--- Data shown Enclosed Below ---

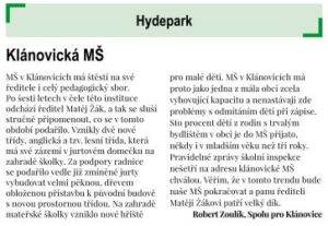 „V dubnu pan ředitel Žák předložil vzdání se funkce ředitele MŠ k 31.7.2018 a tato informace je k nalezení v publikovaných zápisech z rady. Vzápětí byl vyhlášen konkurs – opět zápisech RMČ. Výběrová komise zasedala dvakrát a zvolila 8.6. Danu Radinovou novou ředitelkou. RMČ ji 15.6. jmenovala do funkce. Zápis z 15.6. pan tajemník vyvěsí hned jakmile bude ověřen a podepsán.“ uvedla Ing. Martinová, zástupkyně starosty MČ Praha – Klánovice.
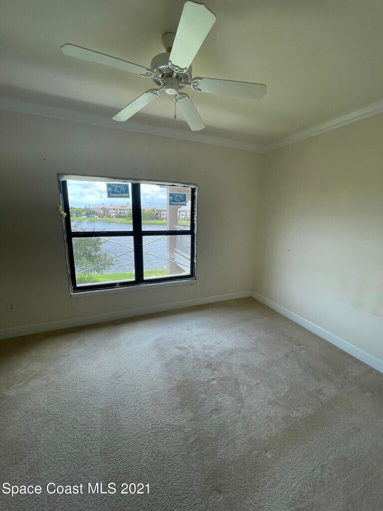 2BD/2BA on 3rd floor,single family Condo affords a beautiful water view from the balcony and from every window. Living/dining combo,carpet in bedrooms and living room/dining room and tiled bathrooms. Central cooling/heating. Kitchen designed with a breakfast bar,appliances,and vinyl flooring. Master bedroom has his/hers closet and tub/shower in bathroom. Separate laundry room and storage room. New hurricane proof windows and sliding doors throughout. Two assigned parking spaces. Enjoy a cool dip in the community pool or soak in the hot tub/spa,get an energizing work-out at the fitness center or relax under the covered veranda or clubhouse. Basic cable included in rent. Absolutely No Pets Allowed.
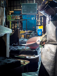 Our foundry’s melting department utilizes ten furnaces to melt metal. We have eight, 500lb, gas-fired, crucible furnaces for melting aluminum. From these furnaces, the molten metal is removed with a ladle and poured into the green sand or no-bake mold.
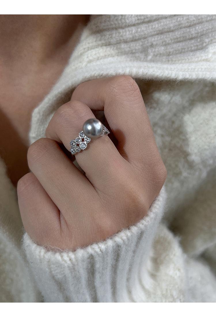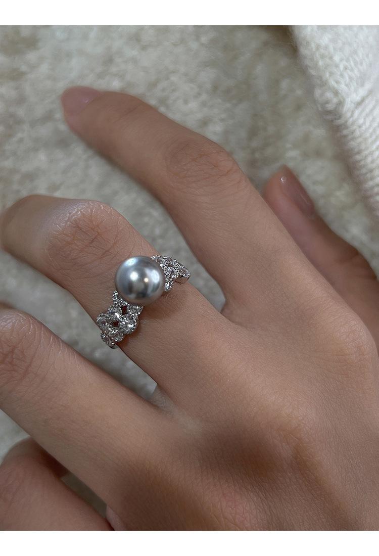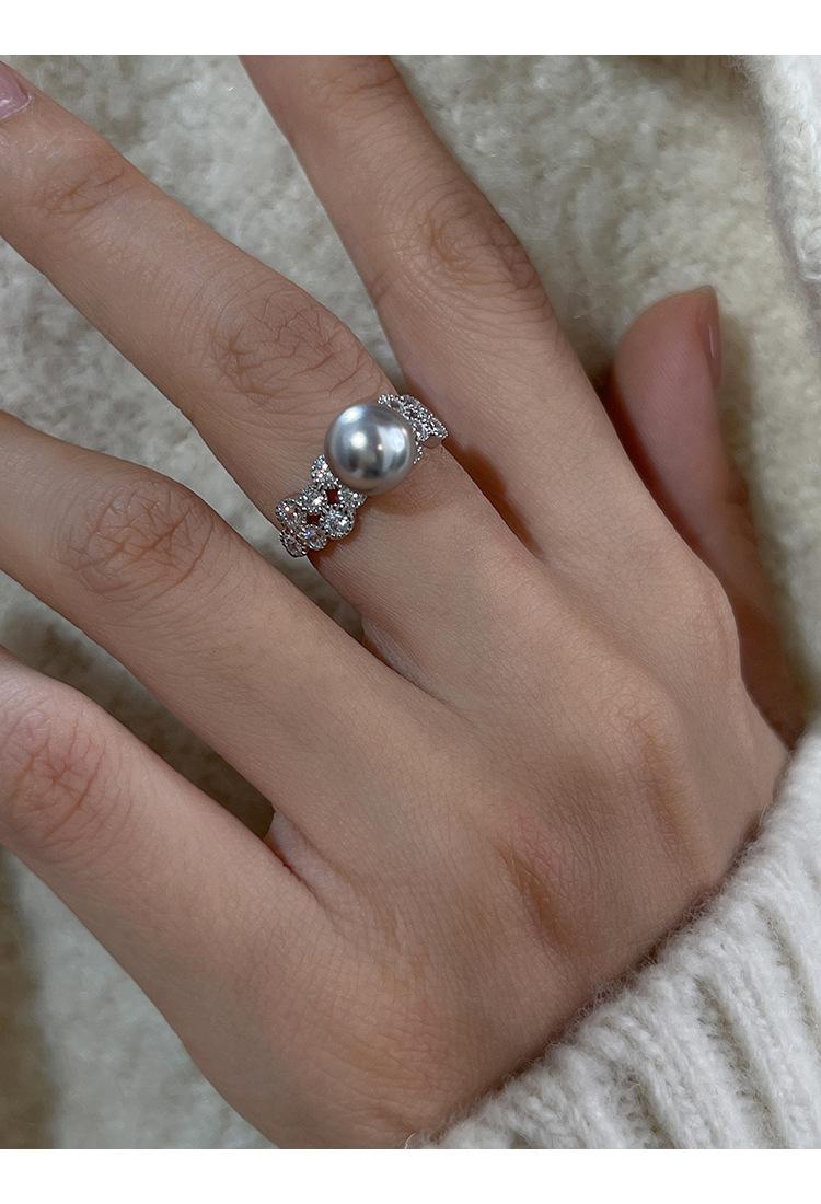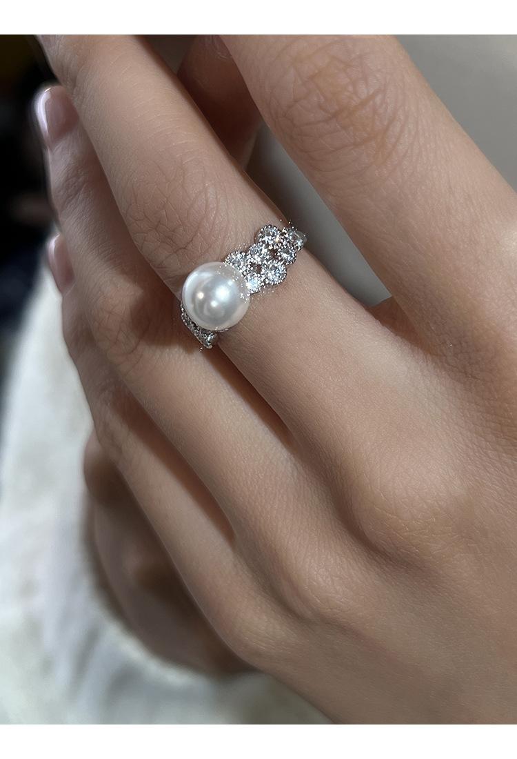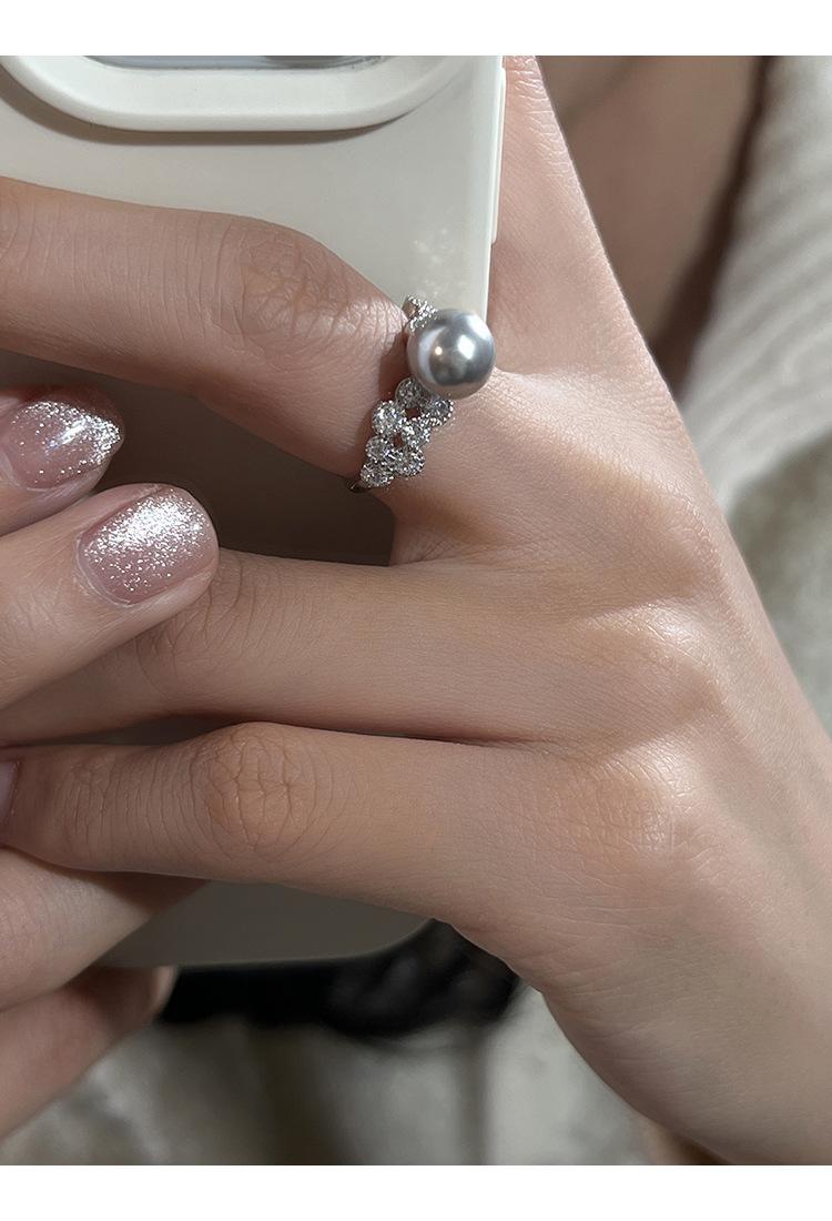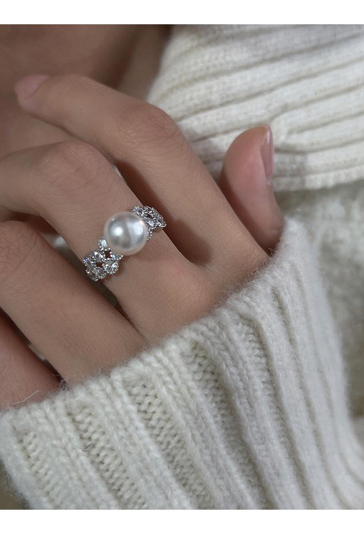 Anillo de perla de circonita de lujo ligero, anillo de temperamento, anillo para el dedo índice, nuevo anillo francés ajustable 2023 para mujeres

--- End of Enclosed Data shown ---
--- Data shown Enclosed Below ---

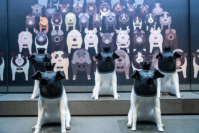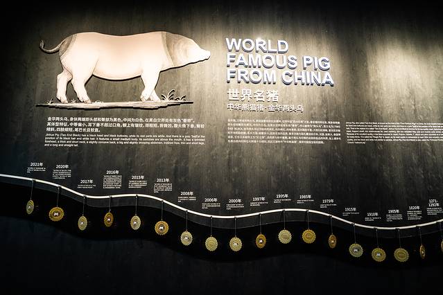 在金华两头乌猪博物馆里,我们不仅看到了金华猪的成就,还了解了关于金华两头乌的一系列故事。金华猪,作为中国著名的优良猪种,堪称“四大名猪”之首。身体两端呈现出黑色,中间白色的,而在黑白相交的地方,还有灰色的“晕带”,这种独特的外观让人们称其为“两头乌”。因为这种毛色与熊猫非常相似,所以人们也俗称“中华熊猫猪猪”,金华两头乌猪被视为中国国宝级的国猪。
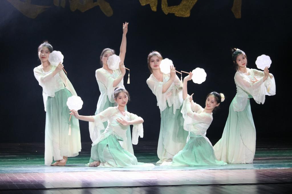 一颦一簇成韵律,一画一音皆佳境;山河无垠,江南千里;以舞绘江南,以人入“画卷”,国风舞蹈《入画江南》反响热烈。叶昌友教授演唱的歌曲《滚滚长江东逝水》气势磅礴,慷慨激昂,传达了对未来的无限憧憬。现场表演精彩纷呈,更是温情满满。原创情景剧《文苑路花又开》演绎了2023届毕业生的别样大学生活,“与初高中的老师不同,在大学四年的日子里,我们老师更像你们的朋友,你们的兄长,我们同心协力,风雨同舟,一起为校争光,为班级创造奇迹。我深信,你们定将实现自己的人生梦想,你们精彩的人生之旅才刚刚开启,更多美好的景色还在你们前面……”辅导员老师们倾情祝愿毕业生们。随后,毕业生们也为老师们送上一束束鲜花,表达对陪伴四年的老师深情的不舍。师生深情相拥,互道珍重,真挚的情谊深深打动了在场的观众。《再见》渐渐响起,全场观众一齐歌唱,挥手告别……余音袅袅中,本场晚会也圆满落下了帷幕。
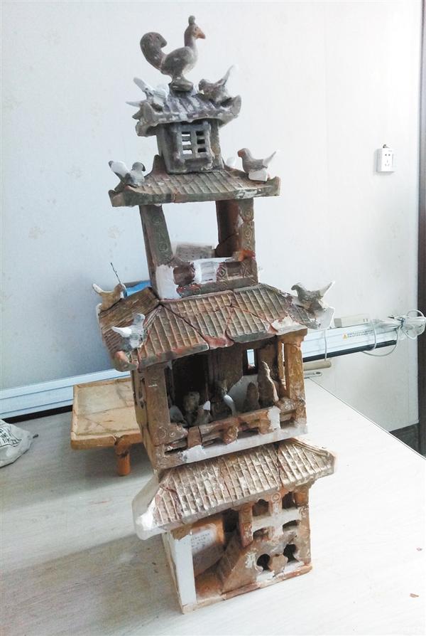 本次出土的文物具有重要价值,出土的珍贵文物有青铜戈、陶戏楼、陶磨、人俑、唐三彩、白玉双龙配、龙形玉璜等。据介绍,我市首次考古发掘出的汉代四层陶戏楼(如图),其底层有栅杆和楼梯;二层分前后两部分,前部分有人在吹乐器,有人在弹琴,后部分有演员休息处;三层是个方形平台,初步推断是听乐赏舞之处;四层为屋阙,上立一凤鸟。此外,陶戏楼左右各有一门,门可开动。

--- End of Enclosed Data shown ---
--- Data shown Enclosed Below ---

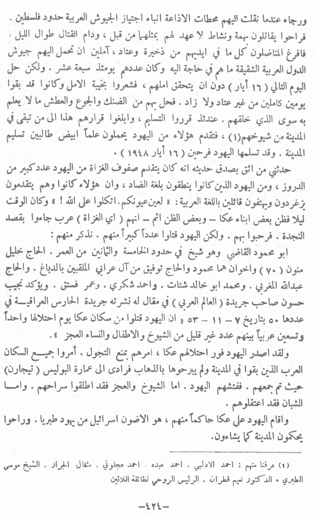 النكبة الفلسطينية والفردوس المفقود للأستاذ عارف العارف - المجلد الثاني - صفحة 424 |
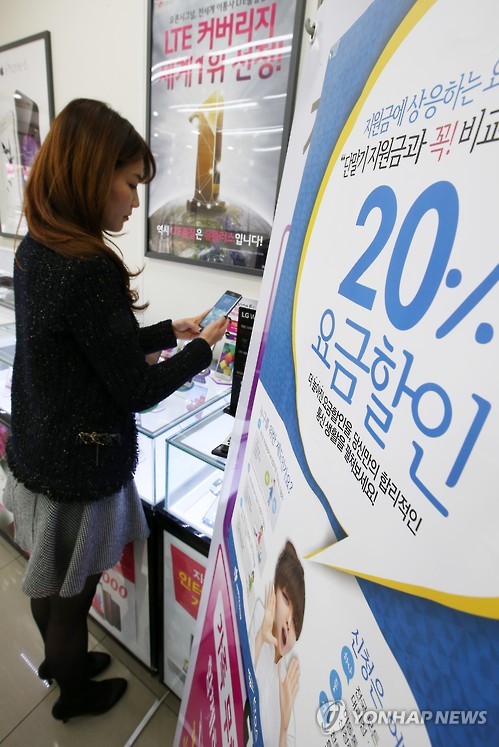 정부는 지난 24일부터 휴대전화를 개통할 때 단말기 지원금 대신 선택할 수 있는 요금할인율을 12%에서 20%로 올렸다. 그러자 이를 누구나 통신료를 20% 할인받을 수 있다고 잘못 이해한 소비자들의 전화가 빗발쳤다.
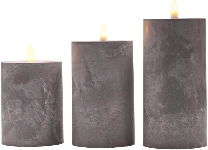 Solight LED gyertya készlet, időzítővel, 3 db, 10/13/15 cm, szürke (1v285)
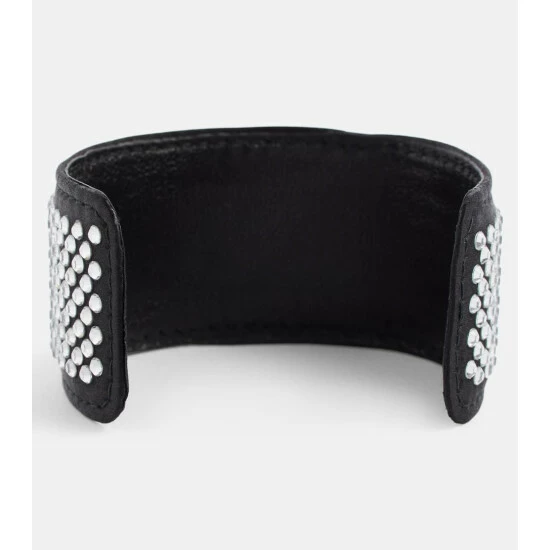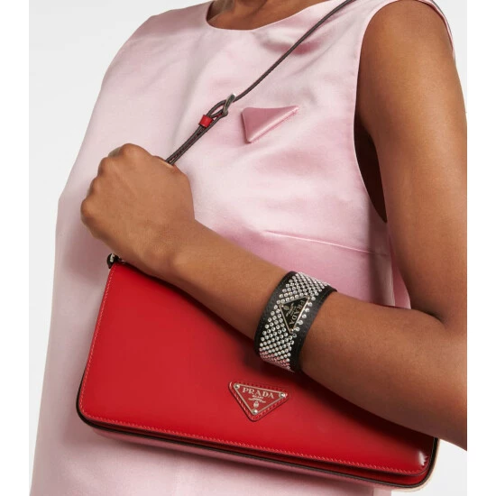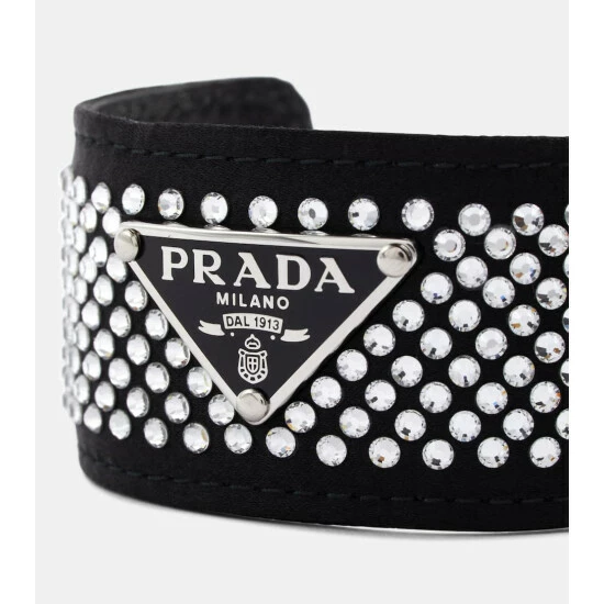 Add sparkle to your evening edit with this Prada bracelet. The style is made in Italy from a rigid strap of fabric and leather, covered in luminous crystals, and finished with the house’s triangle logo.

--- End of Enclosed Data shown ---

Description of the task:
Within the listing above, find the line containing "一颦一簇成韵律,一画一音皆佳" and the line containing "本次出土的文物具有重要价值,出土的珍贵文". Transcribe them and everything between them exactly, leaving out the pictures.

Answer section:
 一颦一簇成韵律,一画一音皆佳境;山河无垠,江南千里;以舞绘江南,以人入“画卷”,国风舞蹈《入画江南》反响热烈。叶昌友教授演唱的歌曲《滚滚长江东逝水》气势磅礴,慷慨激昂,传达了对未来的无限憧憬。现场表演精彩纷呈,更是温情满满。原创情景剧《文苑路花又开》演绎了2023届毕业生的别样大学生活,“与初高中的老师不同,在大学四年的日子里,我们老师更像你们的朋友,你们的兄长,我们同心协力,风雨同舟,一起为校争光,为班级创造奇迹。我深信,你们定将实现自己的人生梦想,你们精彩的人生之旅才刚刚开启,更多美好的景色还在你们前面……”辅导员老师们倾情祝愿毕业生们。随后,毕业生们也为老师们送上一束束鲜花,表达对陪伴四年的老师深情的不舍。师生深情相拥,互道珍重,真挚的情谊深深打动了在场的观众。《再见》渐渐响起,全场观众一齐歌唱,挥手告别……余音袅袅中,本场晚会也圆满落下了帷幕。
 本次出土的文物具有重要价值,出土的珍贵文物有青铜戈、陶戏楼、陶磨、人俑、唐三彩、白玉双龙配、龙形玉璜等。据介绍,我市首次考古发掘出的汉代四层陶戏楼(如图),其底层有栅杆和楼梯;二层分前后两部分,前部分有人在吹乐器,有人在弹琴,后部分有演员休息处;三层是个方形平台,初步推断是听乐赏舞之处;四层为屋阙,上立一凤鸟。此外,陶戏楼左右各有一门,门可开动。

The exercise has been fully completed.